Solution: I sketched the trajectory of the point and it was not so difficult. Firstly we need to sketch $x(t)$ and $y(t)$ then we need to "combine" them in order to get the graph of $(x,y)$.

But I have some issues with finding asymptotes.

Definition: The line $c_0+c_1x$ is called an asymptote of the graph of the function $y=f(x)$ as $x\to - \infty$ (or $x\to +\infty$) if $f(x)-(c_0+c_1x)=o(1)$ as $x\to -\infty$ (or $x\to+\infty$).

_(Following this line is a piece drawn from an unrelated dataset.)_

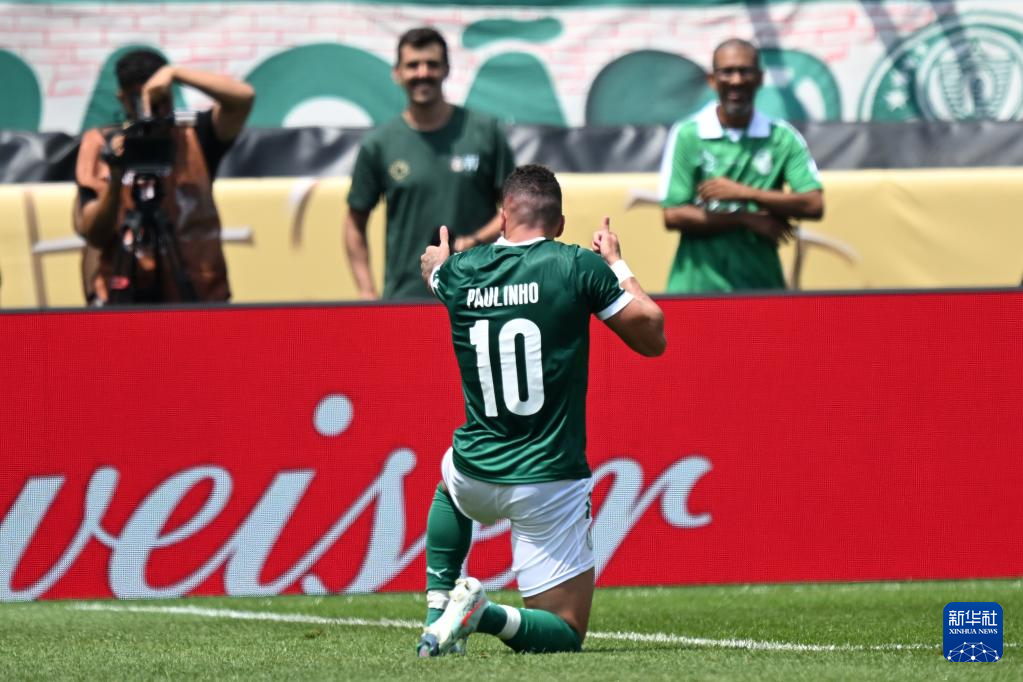 6月28日,帕爾梅拉斯隊球員保利尼奧在比賽中慶祝得分。

Proposition: The line $y=kx+b$ is an oblique asymptote for the function $f(x)$ as $x\to +\infty$ if and only if $\lim \limits_{x\to +\infty}\dfrac{f(x)}{x}=k,\ k\in \mathbb{R}$ and $\lim \limits_{x\to +\infty} (f(x)-kx)=b, \ b\in \mathbb{R}$.

Since $\lim \limits_{t\to 1}\dfrac{y(t)}{x(t)}=-1$ and $\lim \limits_{t\to 1} ((y(t)+x(t))=2$, the line $y=-x+2$ is an asymptote for both ends of the trajectory, corresponding to $t$ approaching $1$. It is also clear that the line $x=0$ is a vertical asymptote for the portion of the trajectory corresponding to $t\to+\infty$.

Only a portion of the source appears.